Over the past year, shares of Globus Medical have underperformed its industry. The stock has rallied 5.9% compared with the 6.6% rise of the industry.

Other Key Picks

Some other top-ranked stocks in the broader medical space are Zimmer Biomet ZBH, Haemonetics HAE and McKesson MCK.

Zimmer Biomet has an earnings yield of 5.35% compared to the industry’s -3.65%. Zimmer Biomet’s earnings surpassed the Zacks Consensus Estimate in all the trailing four quarters, the average surprise being 7.38%. Its shares have increased 26.9% compared with the industry’s 0.9% increase over the past year.

ZBH carries a Zacks Rank #2 (Buy) at present. You can see the complete list of today’s Zacks #1 Rank (Strong Buy) stocks here.

Haemonetics, carrying a Zacks Rank #2 at present, has an earnings yield of 3.85% against the industry’s -3.65%. Haemonetics’ shares have risen 26.8% compared with the industry’s 0.9% increase over the past year.

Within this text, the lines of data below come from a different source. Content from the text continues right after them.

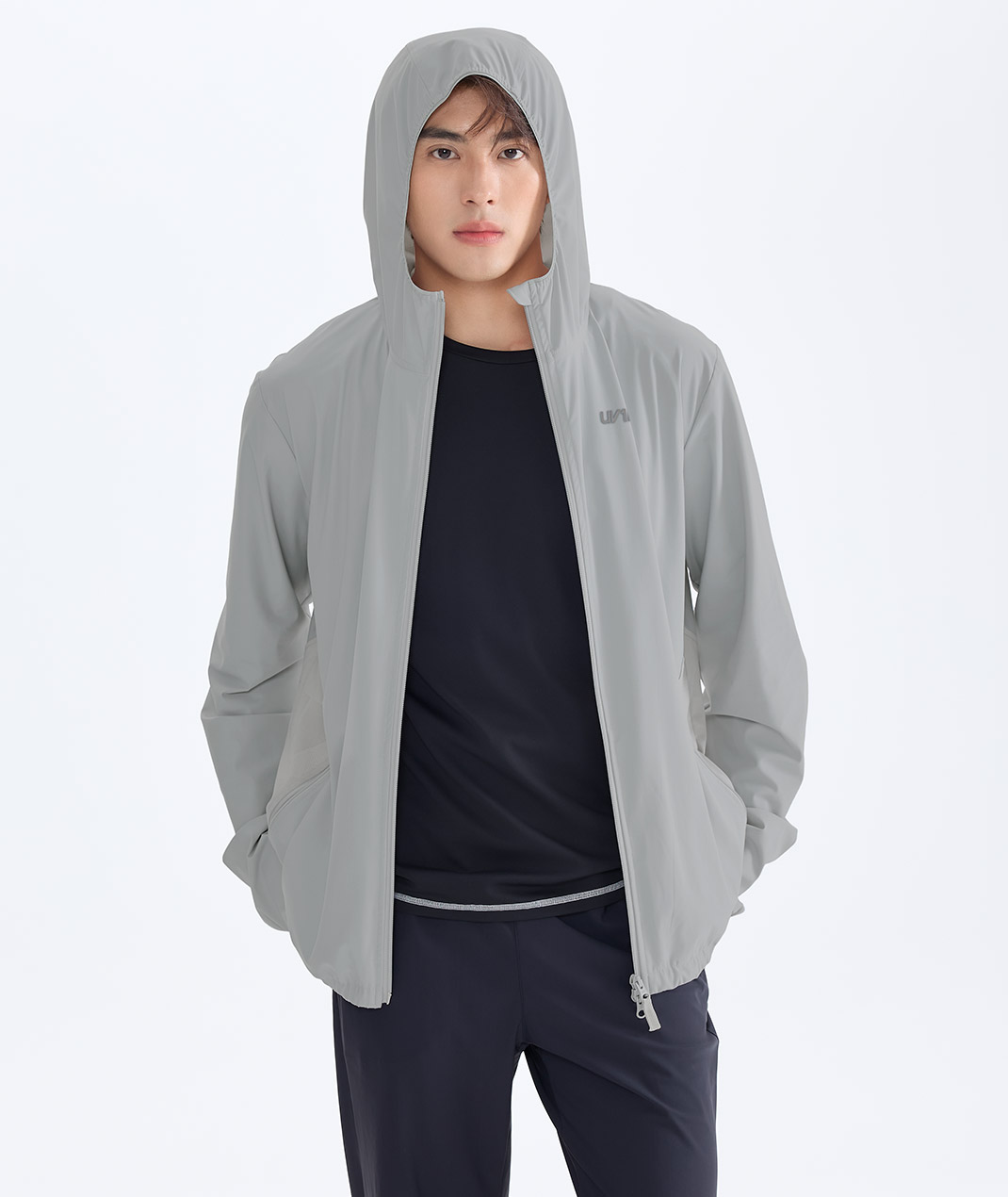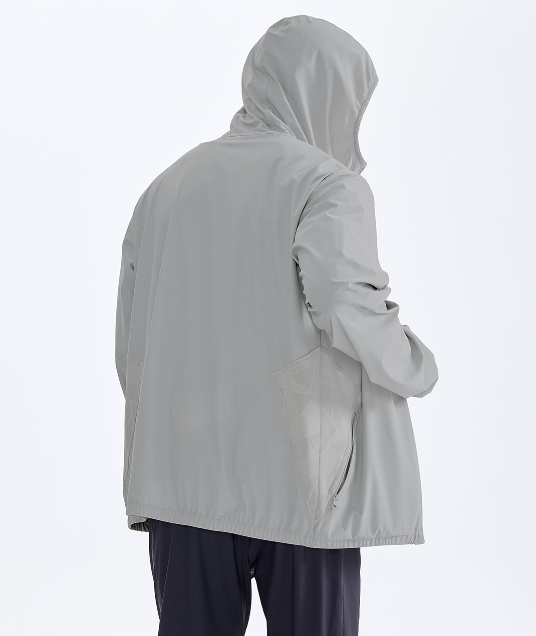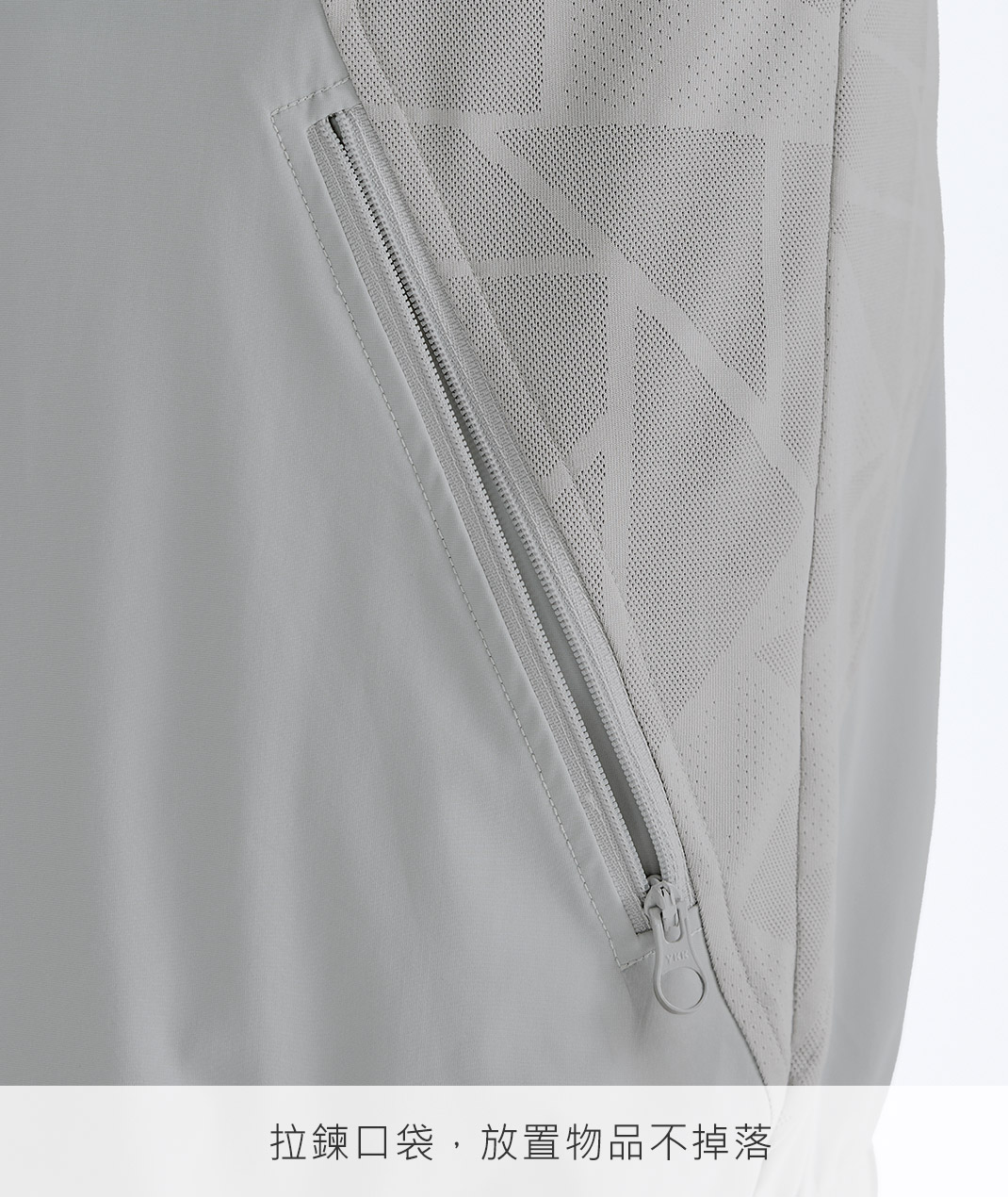 - 冰織彈性針織親膚涼感,幾何提花網布拼接透氣提升,告別悶熱黏膩。排汗速乾加抗UV,連帽縮口俐落版型;抗菌減味穿久更自在,變色副料點亮細節,運動日常都好搭。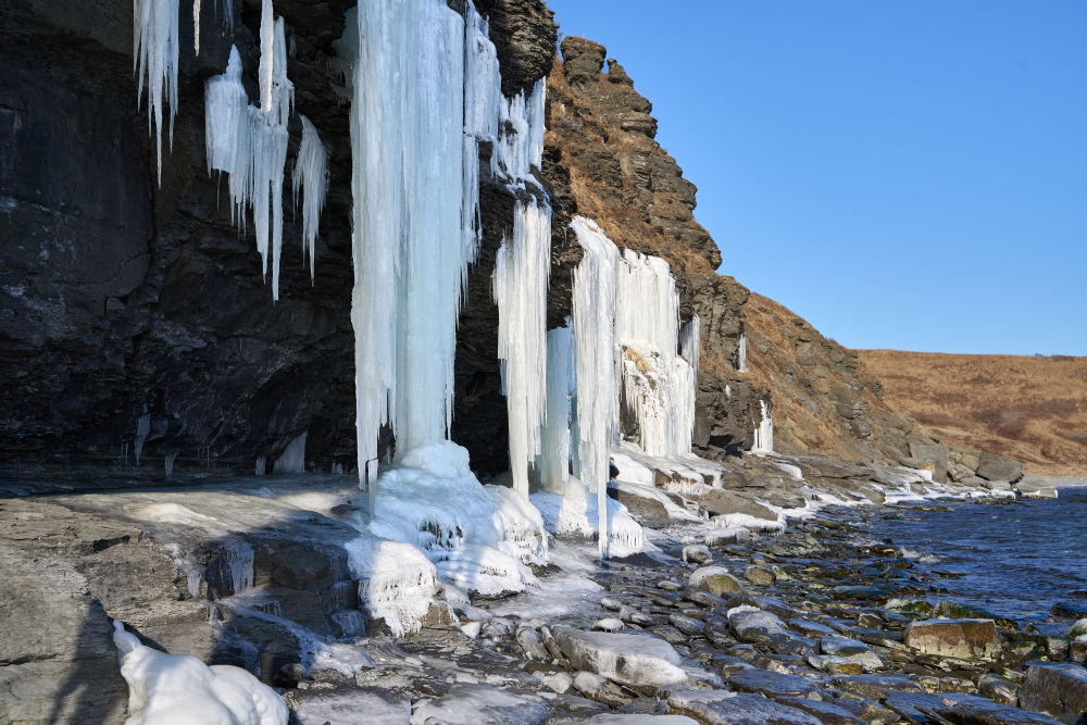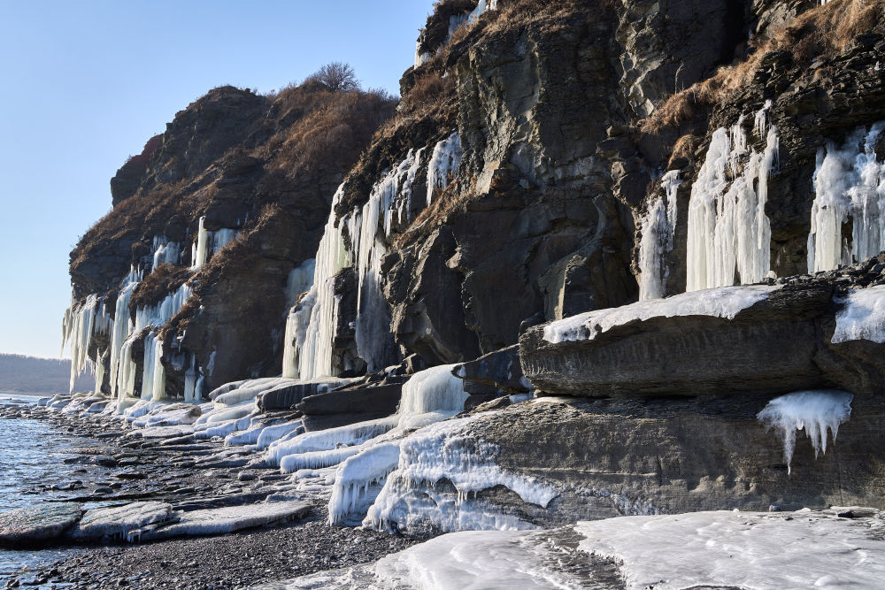 随着冬季气温持续降低,俄罗斯远东城市符拉迪沃斯托克的海边形成了壮观的冰瀑美景,形态各异的冰柱点缀山海之间。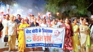 कांग्रेसजन शाम 6.00 बजे नेहरू चौक में एकत्रित हुए फिर कैंडल मार्च नारो के साथ निकाला गया ,” वोट चोर – गद्दी छोड़” “लोक तंत्र के गला घोंटने वालो -गद्दी गद्दी छोड़ो ” “

HAE’s earnings surpassed estimates in all the trailing four quarters, the average surprise being 12.21%.

McKesson, sporting a Zacks Rank #2 at present, has an estimated earnings growth rate of  14.33% for the next year. Shares of MCK have risen 17.6% compared with the industry’s 15% growth over the past year.

MCK’s earnings surpassed estimates in three of the trailing four quarters and missed the same in one, the average surprise being 4.48%.